TASK DIRECTIONS —
Exact reproduction of all the entries is required, without any of their pictures.
-- Opening Marker --
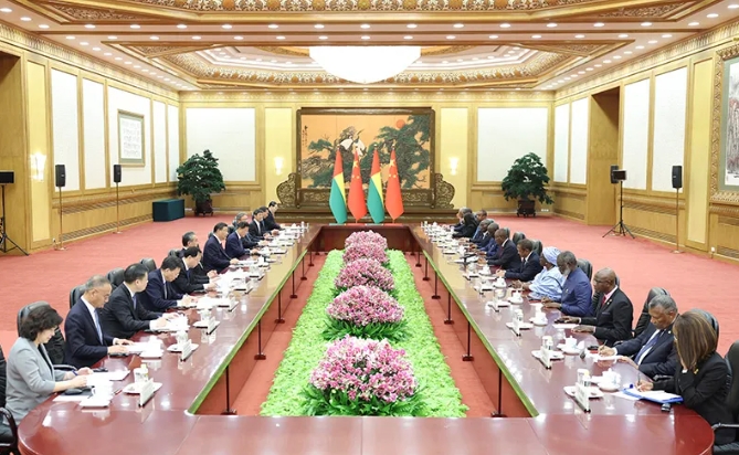 恩巴洛表示,我和代表團(tuán)從抵達(dá)那一刻起就深切感受到中國人民對(duì)非洲兄弟的真誠友好。幾內(nèi)亞比紹和中國關(guān)系良好堅(jiān)固,雙方始終堅(jiān)定相互支持。在幾內(nèi)亞比紹遭遇困難時(shí),中國總是毫不猶豫給予寶貴支持,幾內(nèi)亞比紹人民對(duì)此永不忘記。我們也將一如既往堅(jiān)定地同中國站在一起,堅(jiān)定恪守一個(gè)中國原則,堅(jiān)定支持中方在臺(tái)灣等核心利益問題上的立場(chǎng)。幾內(nèi)亞比紹欽佩中國取得的偉大發(fā)展成就,將中國作為外交最優(yōu)先方向和最重要合作伙伴,希望學(xué)習(xí)借鑒中國發(fā)展理念和經(jīng)驗(yàn),加強(qiáng)經(jīng)貿(mào)投資、基礎(chǔ)設(shè)施、礦產(chǎn)能源等領(lǐng)域合作,助力國家發(fā)展。中國從不搞殖民,從不干涉別國內(nèi)政,從不對(duì)其他國家頤指氣使,從來給予小國平等和尊重,從來說到做到、言行一致。中國給非洲國家?guī)淼氖菍W(xué)校、醫(yī)院、公路等造福非洲人民的合作項(xiàng)目。幾內(nèi)亞比紹高度贊賞中方為幫助非洲大陸發(fā)展發(fā)揮的重要作用和作出的積極貢獻(xiàn),積極支持中方舉辦新一屆中非合作論壇峰會(huì)。幾內(nèi)亞比紹支持習(xí)近平主席提出的共建“一帶一路”倡議和全球發(fā)展倡議、全球安全倡議、全球文明倡議,愿同中方密切在多邊事務(wù)中溝通協(xié)作,推動(dòng)構(gòu)建人類命運(yùn)共同體。
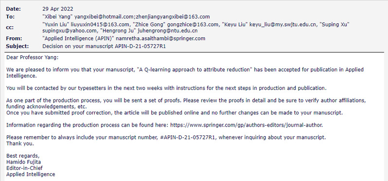 4月29日,龙8-long8(中国)唯一官方网站19级软件工程专业本科生撰写的论文《A Q-learning approach to attribute reduction》被SCI二区期刊Applied Intelligence录用,本科生刘雨鑫为第一作者、龚之策为第二作者。Applied Intelligence目前是JCR分区Q1、中科院SCI二区(2021年12月最新升级版)期刊,最新影响因子为5.086。
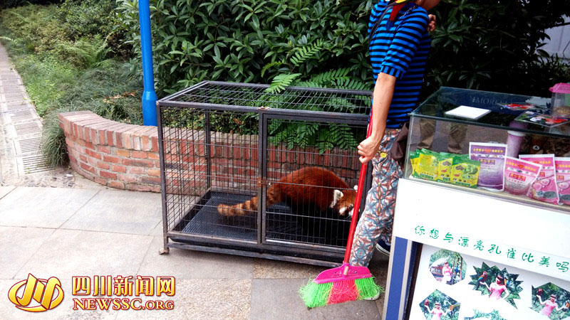 工作人员刚打扫完小熊猫的笼子
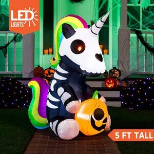 Joiedomi 5 FT Halloween Inflatables Skeleton Decor Outdoor Skeleton Unicorn
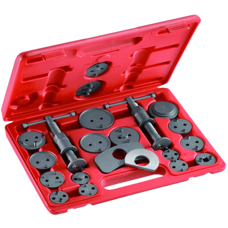 Assortimento per comprimere e ruotare i pistoncini dei freni a disco anteriori e posteriori Permette di riposizionare agevolmente i pistoni del freno nell'alloggiamento della pinza Include 2 mandrini con rotazione destra e sinistra e da diverse piastre, adattatori e accessori Peso 2,6 Kg 2800 S21 VALIGETTA FRENI
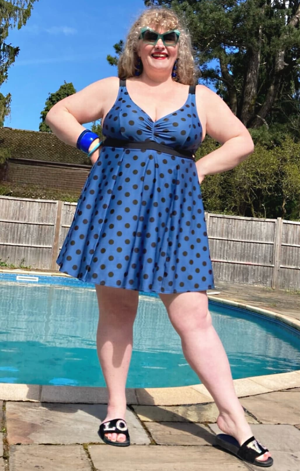 Het zwemjurkje bevalt zo goed dat ik een tweede exemplaar heb gekocht toen die in de sale was; nu eentje met stipjes in donkerblauw.
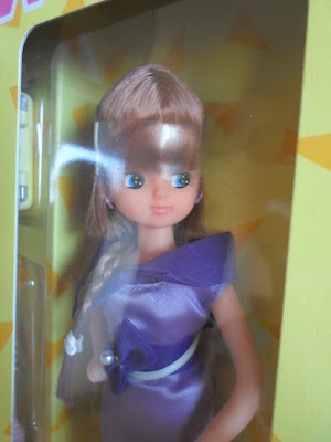 Tenemos el modelo con el vestido igual que el mío pero con el raso fucsia, y otro muy raro que no había visto antes que es más largo y todo rosa, excepto un "cinturón" lila con una flor en el centro, y unos guantes de manga del mismo color.
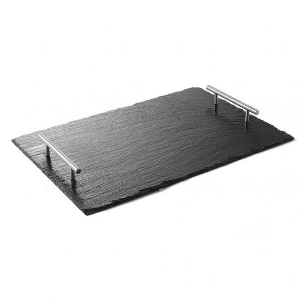 Таця виконана із сланцю, прямокутної форми, з боків розташовані ручки.
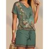 Top Contrast Mid Rise Shorts Female Embroider Hollow out V-neck Short Tops Mid Waist Shorts
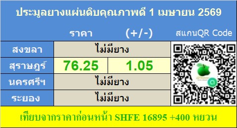 ตลาดกลางประมูลยางสุราษฯ76.25 บาท/กก.  ราคาเพิ่มขึ้น   https://www.rakayang.net/vip/view.php?idr=31508
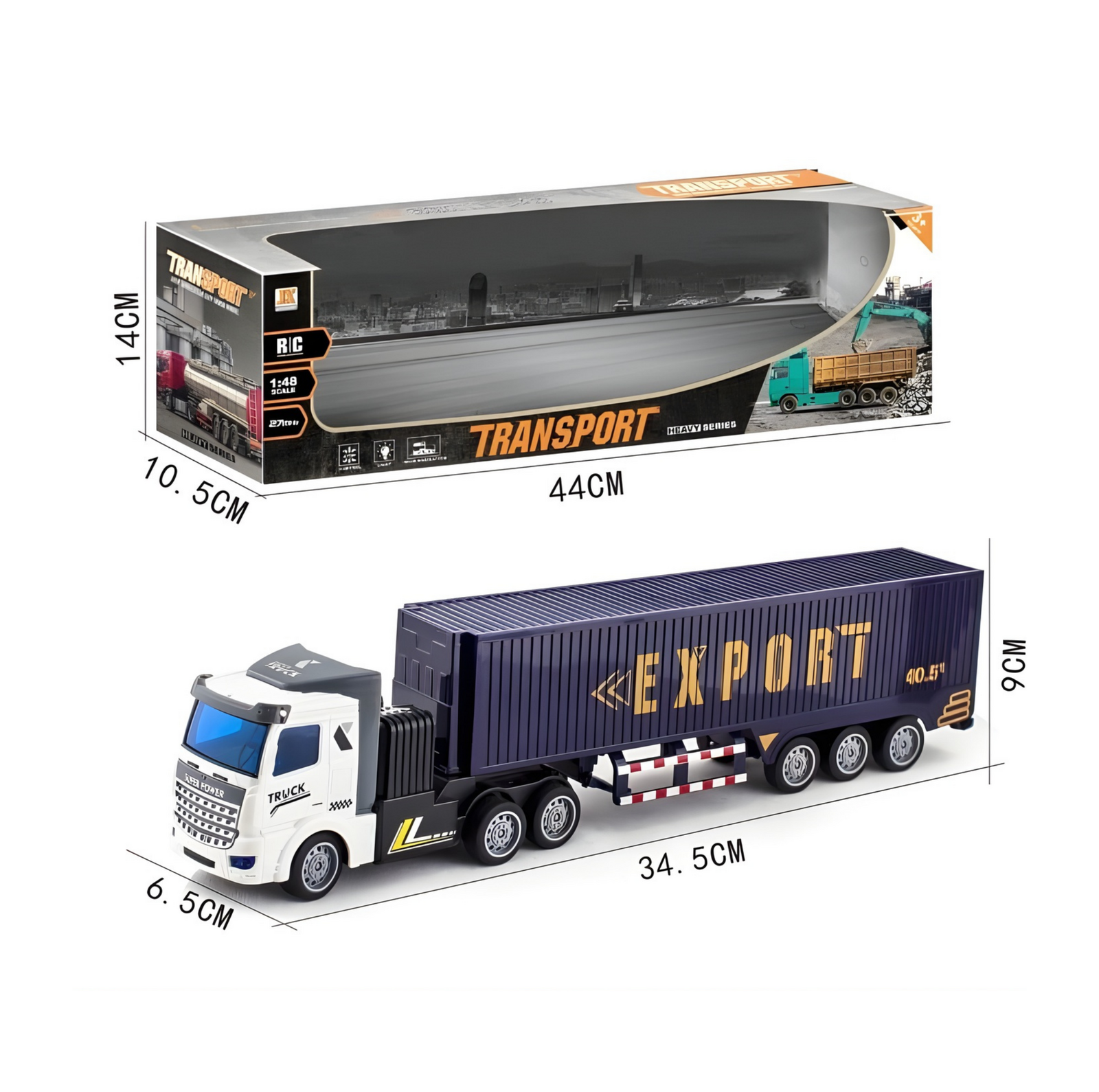 • Realistic 1:48 scale transport truck with detachable trailer
-- Closing Marker --
SOLUTION BELOW —
 恩巴洛表示,我和代表團(tuán)從抵達(dá)那一刻起就深切感受到中國人民對(duì)非洲兄弟的真誠友好。幾內(nèi)亞比紹和中國關(guān)系良好堅(jiān)固,雙方始終堅(jiān)定相互支持。在幾內(nèi)亞比紹遭遇困難時(shí),中國總是毫不猶豫給予寶貴支持,幾內(nèi)亞比紹人民對(duì)此永不忘記。我們也將一如既往堅(jiān)定地同中國站在一起,堅(jiān)定恪守一個(gè)中國原則,堅(jiān)定支持中方在臺(tái)灣等核心利益問題上的立場(chǎng)。幾內(nèi)亞比紹欽佩中國取得的偉大發(fā)展成就,將中國作為外交最優(yōu)先方向和最重要合作伙伴,希望學(xué)習(xí)借鑒中國發(fā)展理念和經(jīng)驗(yàn),加強(qiáng)經(jīng)貿(mào)投資、基礎(chǔ)設(shè)施、礦產(chǎn)能源等領(lǐng)域合作,助力國家發(fā)展。中國從不搞殖民,從不干涉別國內(nèi)政,從不對(duì)其他國家頤指氣使,從來給予小國平等和尊重,從來說到做到、言行一致。中國給非洲國家?guī)淼氖菍W(xué)校、醫(yī)院、公路等造福非洲人民的合作項(xiàng)目。幾內(nèi)亞比紹高度贊賞中方為幫助非洲大陸發(fā)展發(fā)揮的重要作用和作出的積極貢獻(xiàn),積極支持中方舉辦新一屆中非合作論壇峰會(huì)。幾內(nèi)亞比紹支持習(xí)近平主席提出的共建“一帶一路”倡議和全球發(fā)展倡議、全球安全倡議、全球文明倡議,愿同中方密切在多邊事務(wù)中溝通協(xié)作,推動(dòng)構(gòu)建人類命運(yùn)共同體。
 4月29日,龙8-long8(中国)唯一官方网站19级软件工程专业本科生撰写的论文《A Q-learning approach to attribute reduction》被SCI二区期刊Applied Intelligence录用,本科生刘雨鑫为第一作者、龚之策为第二作者。Applied Intelligence目前是JCR分区Q1、中科院SCI二区(2021年12月最新升级版)期刊,最新影响因子为5.086。
 工作人员刚打扫完小熊猫的笼子
 Joiedomi 5 FT Halloween Inflatables Skeleton Decor Outdoor Skeleton Unicorn
 Assortimento per comprimere e ruotare i pistoncini dei freni a disco anteriori e posteriori Permette di riposizionare agevolmente i pistoni del freno nell'alloggiamento della pinza Include 2 mandrini con rotazione destra e sinistra e da diverse piastre, adattatori e accessori Peso 2,6 Kg 2800 S21 VALIGETTA FRENI
 Het zwemjurkje bevalt zo goed dat ik een tweede exemplaar heb gekocht toen die in de sale was; nu eentje met stipjes in donkerblauw.
 Tenemos el modelo con el vestido igual que el mío pero con el raso fucsia, y otro muy raro que no había visto antes que es más largo y todo rosa, excepto un "cinturón" lila con una flor en el centro, y unos guantes de manga del mismo color.
 Таця виконана із сланцю, прямокутної форми, з боків розташовані ручки.
 Top Contrast Mid Rise Shorts Female Embroider Hollow out V-neck Short Tops Mid Waist Shorts
 ตลาดกลางประมูลยางสุราษฯ76.25 บาท/กก.  ราคาเพิ่มขึ้น   https://www.rakayang.net/vip/view.php?idr=31508
 • Realistic 1:48 scale transport truck with detachable trailer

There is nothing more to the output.